▶ What you will do
Leaving the pictures aside, reproduce the data in full and word for word.

Start of Working data

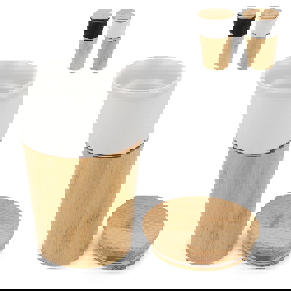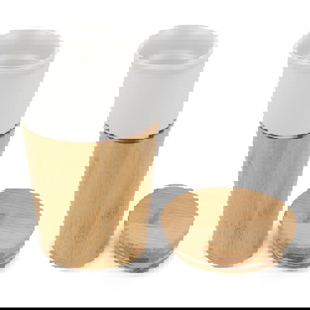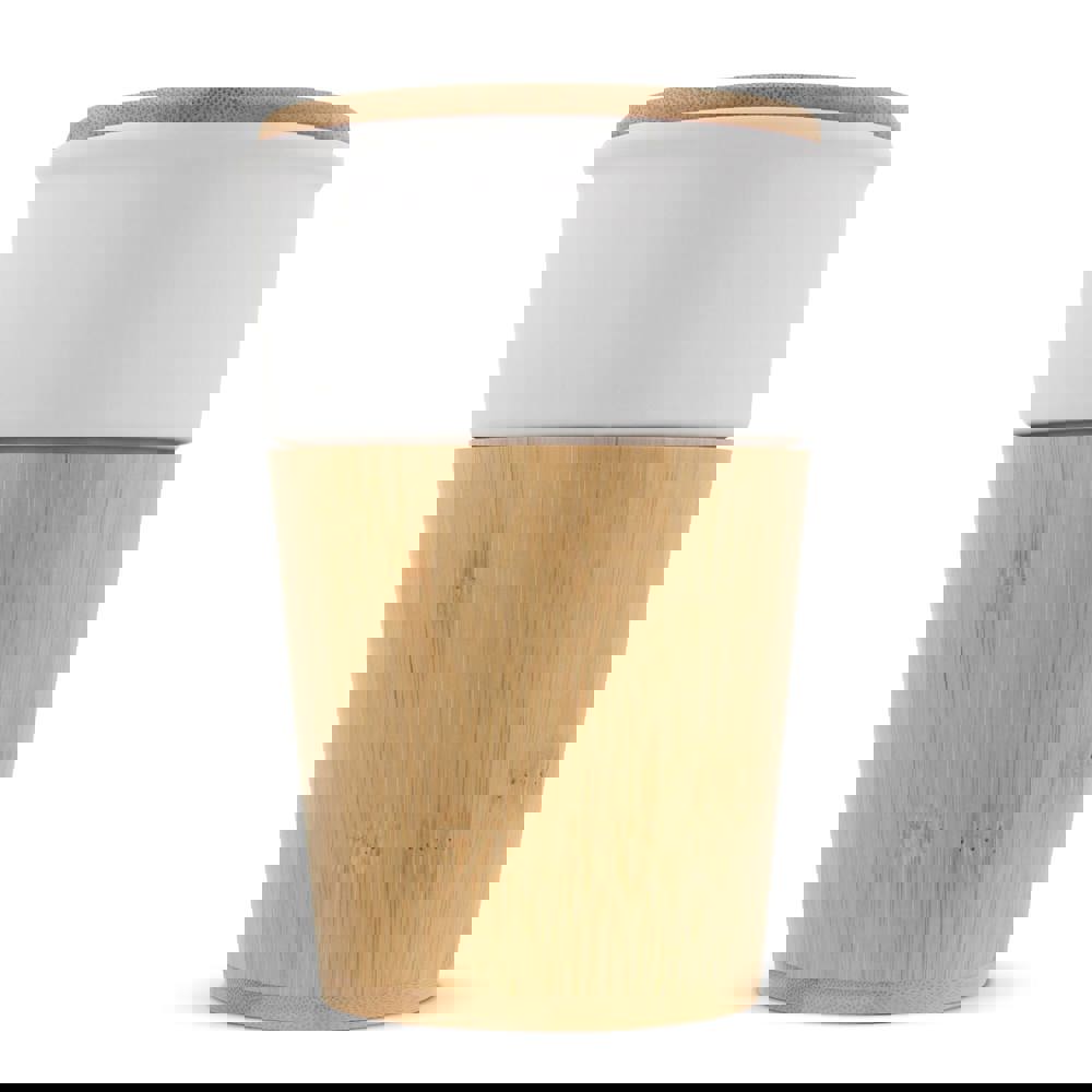 Maak kennis met onze keramische mok met bamboe buitenzijde en deksel; een vleugje natuurlijke elegantie bij elke slok.
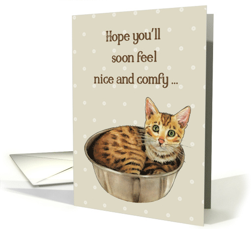 This card features my artwork of a little Bengal kitten curled up inside a stainless steel bowl. Words say, "Hope you'll soon feel nice and comfy ...". The card continues inside with the words, "... in your new home. You will be missed!".
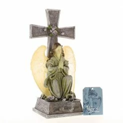 - Bless your garden with the light of God’s love, faux stone angel and cross statue is beautiful to behold by day, at night, a hidden solar light bestows a comforting glow upon your special space
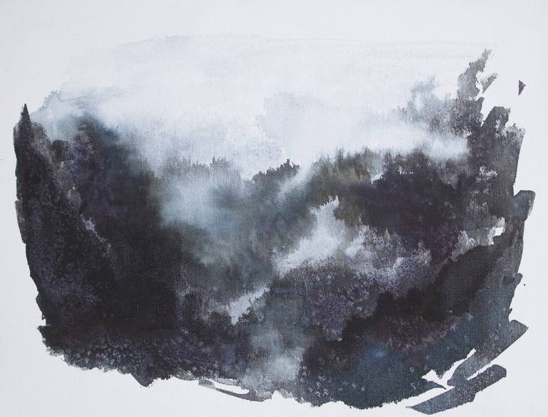 Layered painting in ink on sized canvas. Inspired by misty valleys around the village of Alton. The base colour is white and the ink has (true to form) shifted from deep black to grey-blue with subtle metallic copper hints. Signed & dated on both the front and back. This piece was painted on a dee...
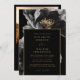 This elegant black and gold floral wedding invitation can be personalised with your information in modern typography and your wedding details on the reverse, along with your wedding website QR code and special photo. Designed by Thisisnotme©
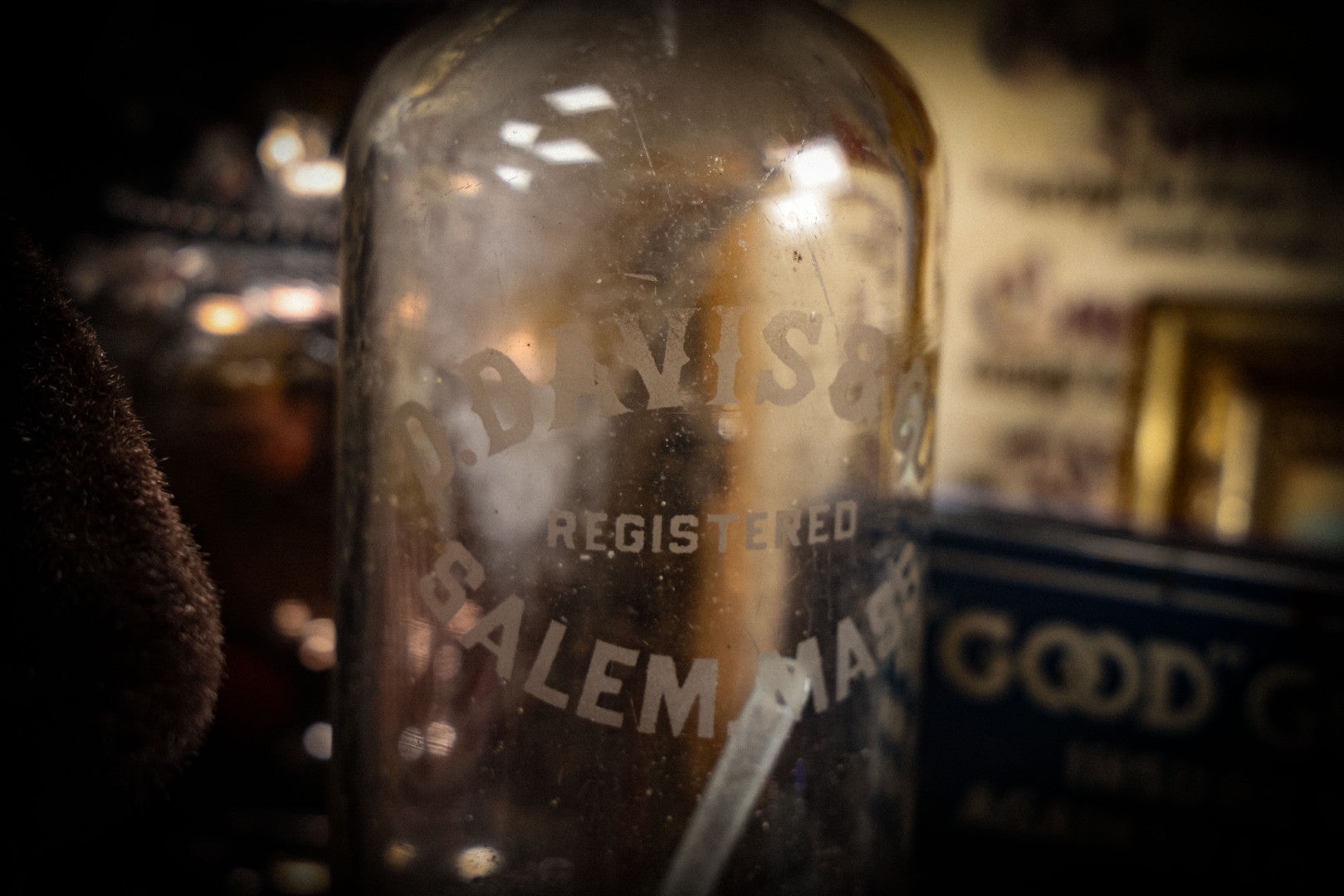 Lot 011 - Antique D. Davis & Co., Salem, Massachusetts, Glass Seltzer Soda Bottle With Matching Stamped Siphon Head

End of Working data

▶ Solution to this problem
 Maak kennis met onze keramische mok met bamboe buitenzijde en deksel; een vleugje natuurlijke elegantie bij elke slok.
 This card features my artwork of a little Bengal kitten curled up inside a stainless steel bowl. Words say, "Hope you'll soon feel nice and comfy ...". The card continues inside with the words, "... in your new home. You will be missed!".
 - Bless your garden with the light of God’s love, faux stone angel and cross statue is beautiful to behold by day, at night, a hidden solar light bestows a comforting glow upon your special space
 Layered painting in ink on sized canvas. Inspired by misty valleys around the village of Alton. The base colour is white and the ink has (true to form) shifted from deep black to grey-blue with subtle metallic copper hints. Signed & dated on both the front and back. This piece was painted on a dee...
 This elegant black and gold floral wedding invitation can be personalised with your information in modern typography and your wedding details on the reverse, along with your wedding website QR code and special photo. Designed by Thisisnotme©
 Lot 011 - Antique D. Davis & Co., Salem, Massachusetts, Glass Seltzer Soda Bottle With Matching Stamped Siphon Head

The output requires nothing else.